Tina Darmohray wrote:

> I'm looking for Return On Investment numbers from universities who have
> deployed firewalls.  E.g., one university has shared that they reduced
> their incidents by > 90% by firewalling their campus.  Another university
> reduced their incident response staffing from 1.25 FTE to 1 FTE [10K
> node network] through firewallng.
>
> Do you have similar numbers you'd be willing to share?  I can summarize
> to the group, or if you'd prefer your numbers not be widely posted, let
> me know that too.

Hi,

I don't have any numbers for you but when the MS03-026 exploits
and Blaster came through, due to our network access controls, we
didn't have any compromises or infections until late August when
the students came back. This provided a few extra weeks of
planning and response time.

I have a very general definition of "firewall" as anything
that allows some sort of network access control at whatever
layer using whatever method. We've considered the purchase of
a box labeled by sales people as a "firewall" many times but
backed off as we analyzed the functionality we desired and
ways to implement it with existing capabilities.

Router ACLs combined with the deep inspection of an IDP reduces
incidents regularly and limits the severity of others.
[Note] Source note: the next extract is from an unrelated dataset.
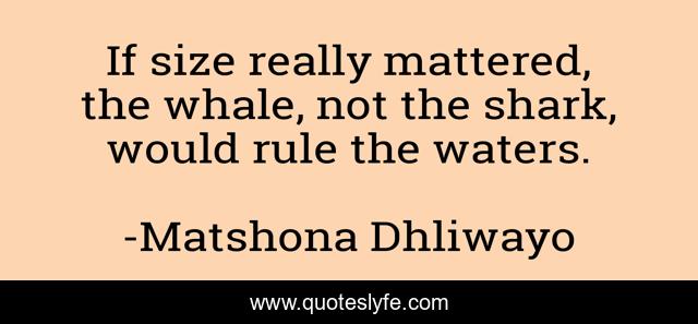 "Matshona Dhliwayo Quotes." Quoteslyfe.com, 2025. Sat. 06 Dec. 2025. <https://www.quoteslyfe.com/quote/If-size-really-mattered-the-whale-not-47513>.
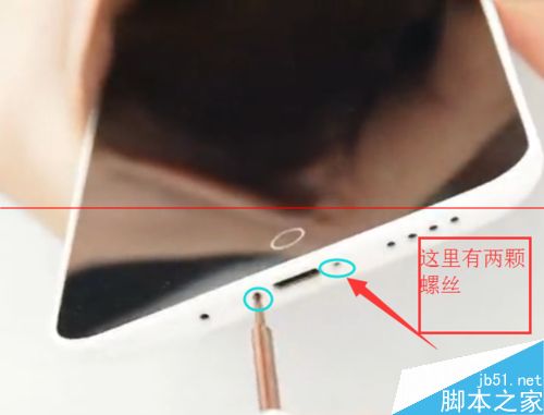 第一步:首先,将手机关机,在手机的底部电源插口处有两个螺丝,用螺丝刀拆除。

Our IDP stops visits to malicious web sites daily which would
often result in spyware/virus/BOT infections and which would
be transparent to most boxes labeled as firewalls. It also
regularly deflects inbound web attacks. It also helps detect
and inhibit IRCBOT activity.

On a broader note, around the time of MS03-026, we implemented
a default deny policy inbound to the student networks. A year
later, to the IT desktop networks. And last November, to the
entire campus. Anyone desiring to run a server has to request
that ports be opened or use the VPN. I haven't tried to correlate
these changes to drops in calls, but I have seen traffic bound
for machines with open back doors, out of date software, and
vulnerable configurations stopped many times. And before the
cross-campus policy, I'd seen machines not covered compromised
while machines with identical vulnerabilities that were covered
went uncompromised. How much is that worth?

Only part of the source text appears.